→ Material supplied:

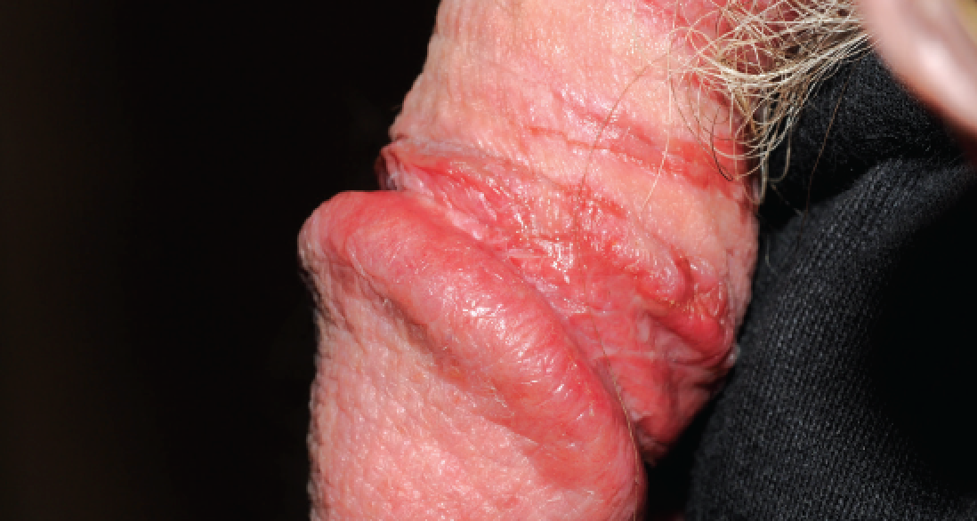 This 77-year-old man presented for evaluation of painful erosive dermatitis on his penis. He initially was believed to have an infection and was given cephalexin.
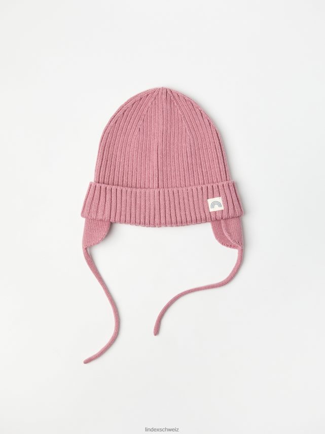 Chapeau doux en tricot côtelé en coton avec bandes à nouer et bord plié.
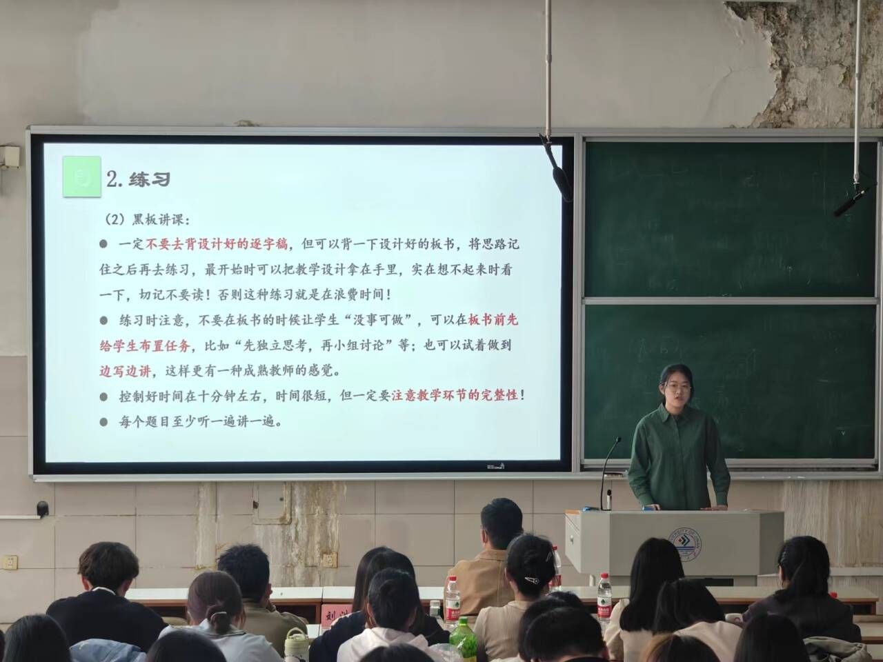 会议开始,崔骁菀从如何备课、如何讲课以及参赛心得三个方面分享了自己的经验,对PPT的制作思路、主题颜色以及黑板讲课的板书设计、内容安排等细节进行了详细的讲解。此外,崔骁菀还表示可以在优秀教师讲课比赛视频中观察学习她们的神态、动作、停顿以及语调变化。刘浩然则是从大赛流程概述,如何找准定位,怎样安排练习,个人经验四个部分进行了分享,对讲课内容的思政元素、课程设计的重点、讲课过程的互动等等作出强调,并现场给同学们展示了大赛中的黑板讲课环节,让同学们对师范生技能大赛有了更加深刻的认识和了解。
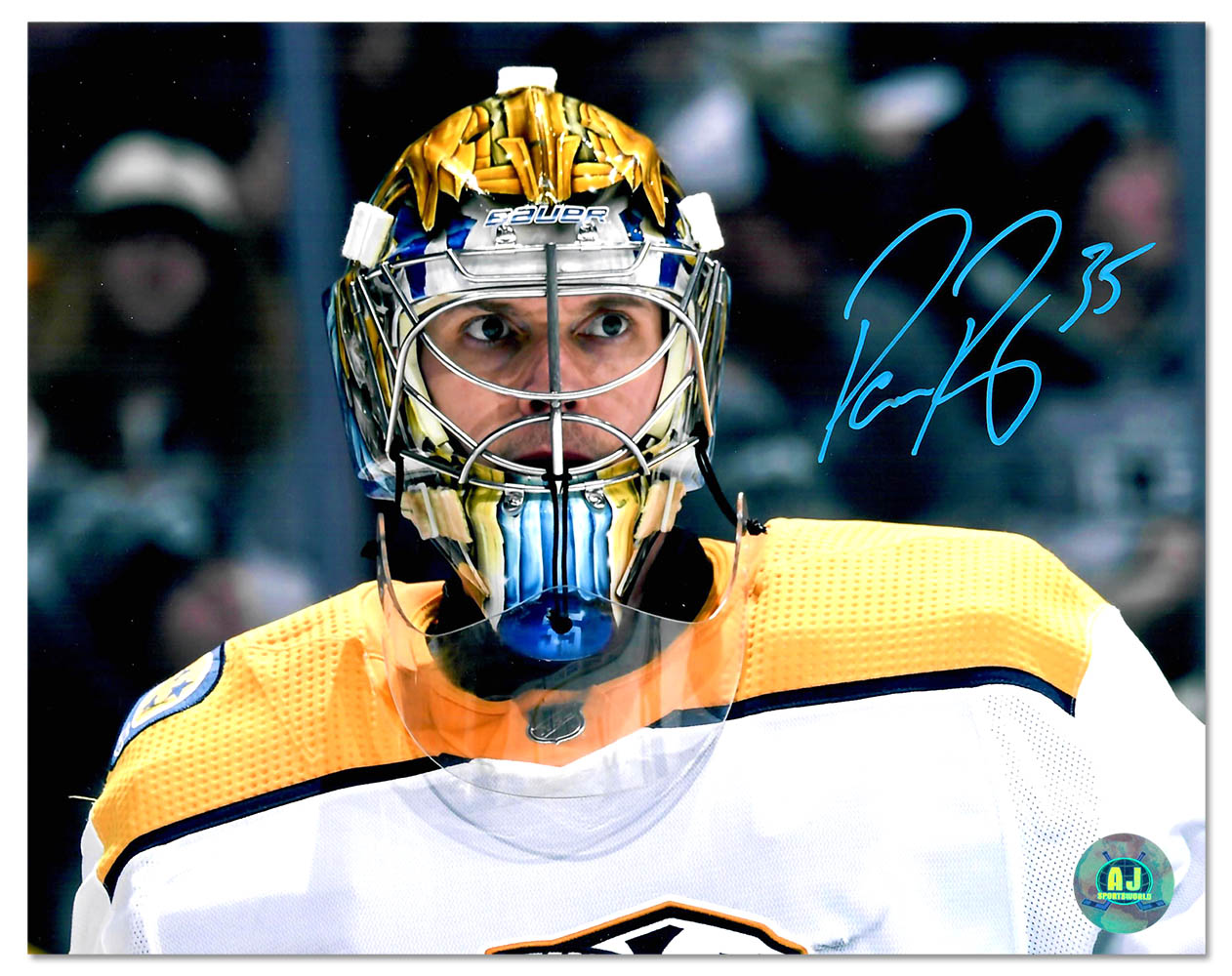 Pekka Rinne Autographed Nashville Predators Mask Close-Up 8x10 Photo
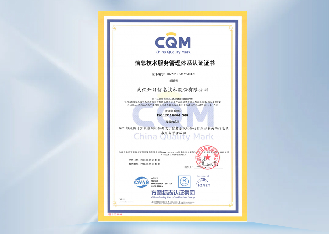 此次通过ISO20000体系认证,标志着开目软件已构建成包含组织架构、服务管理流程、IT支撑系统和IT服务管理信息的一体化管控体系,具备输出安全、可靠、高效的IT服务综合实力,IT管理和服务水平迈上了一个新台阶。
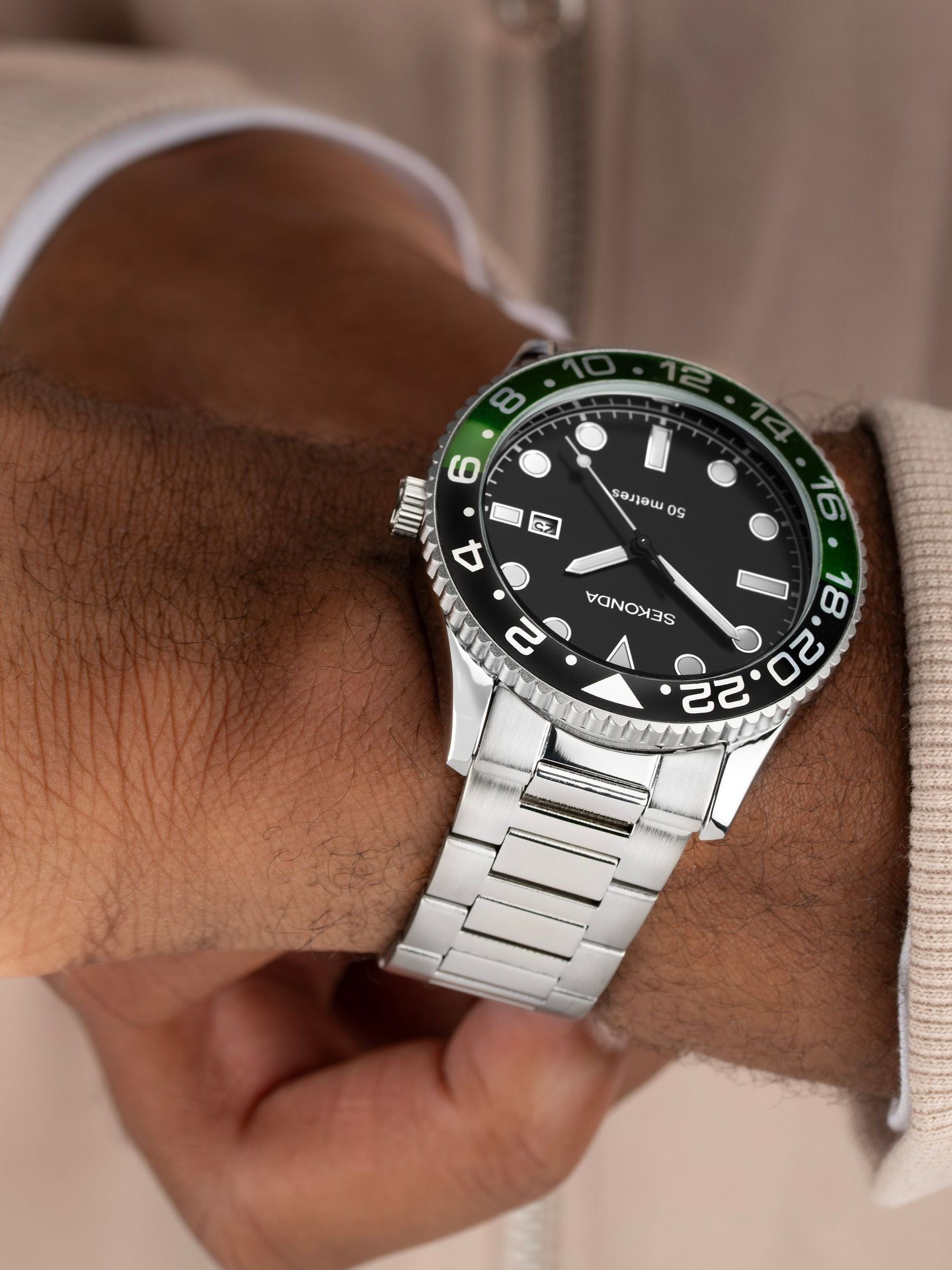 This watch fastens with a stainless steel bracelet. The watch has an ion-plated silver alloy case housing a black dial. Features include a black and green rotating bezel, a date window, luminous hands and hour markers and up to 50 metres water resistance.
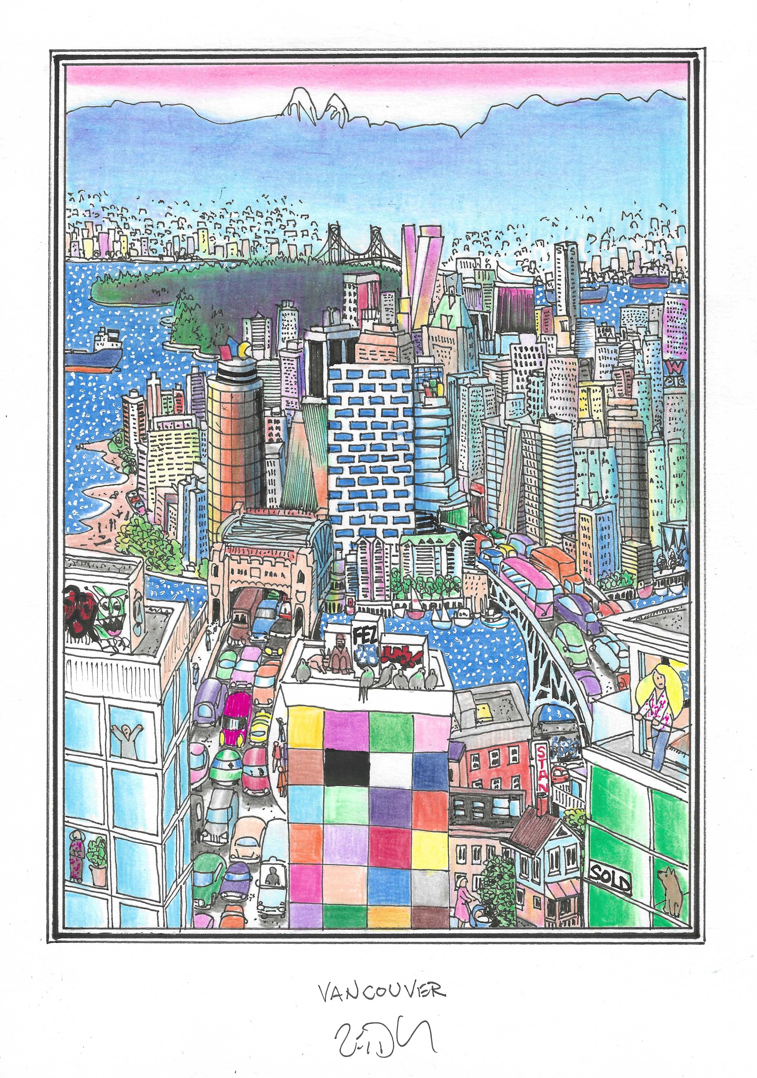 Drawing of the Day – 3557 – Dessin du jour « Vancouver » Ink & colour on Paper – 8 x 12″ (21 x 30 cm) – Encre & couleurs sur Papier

→ Assignment: A verbatim transcription of the records, pictures excluded, is the required output.

→ Response area:
 This 77-year-old man presented for evaluation of painful erosive dermatitis on his penis. He initially was believed to have an infection and was given cephalexin.
 Chapeau doux en tricot côtelé en coton avec bandes à nouer et bord plié.
 会议开始,崔骁菀从如何备课、如何讲课以及参赛心得三个方面分享了自己的经验,对PPT的制作思路、主题颜色以及黑板讲课的板书设计、内容安排等细节进行了详细的讲解。此外,崔骁菀还表示可以在优秀教师讲课比赛视频中观察学习她们的神态、动作、停顿以及语调变化。刘浩然则是从大赛流程概述,如何找准定位,怎样安排练习,个人经验四个部分进行了分享,对讲课内容的思政元素、课程设计的重点、讲课过程的互动等等作出强调,并现场给同学们展示了大赛中的黑板讲课环节,让同学们对师范生技能大赛有了更加深刻的认识和了解。
 Pekka Rinne Autographed Nashville Predators Mask Close-Up 8x10 Photo
 此次通过ISO20000体系认证,标志着开目软件已构建成包含组织架构、服务管理流程、IT支撑系统和IT服务管理信息的一体化管控体系,具备输出安全、可靠、高效的IT服务综合实力,IT管理和服务水平迈上了一个新台阶。
 This watch fastens with a stainless steel bracelet. The watch has an ion-plated silver alloy case housing a black dial. Features include a black and green rotating bezel, a date window, luminous hands and hour markers and up to 50 metres water resistance.
 Drawing of the Day – 3557 – Dessin du jour « Vancouver » Ink & colour on Paper – 8 x 12″ (21 x 30 cm) – Encre & couleurs sur Papier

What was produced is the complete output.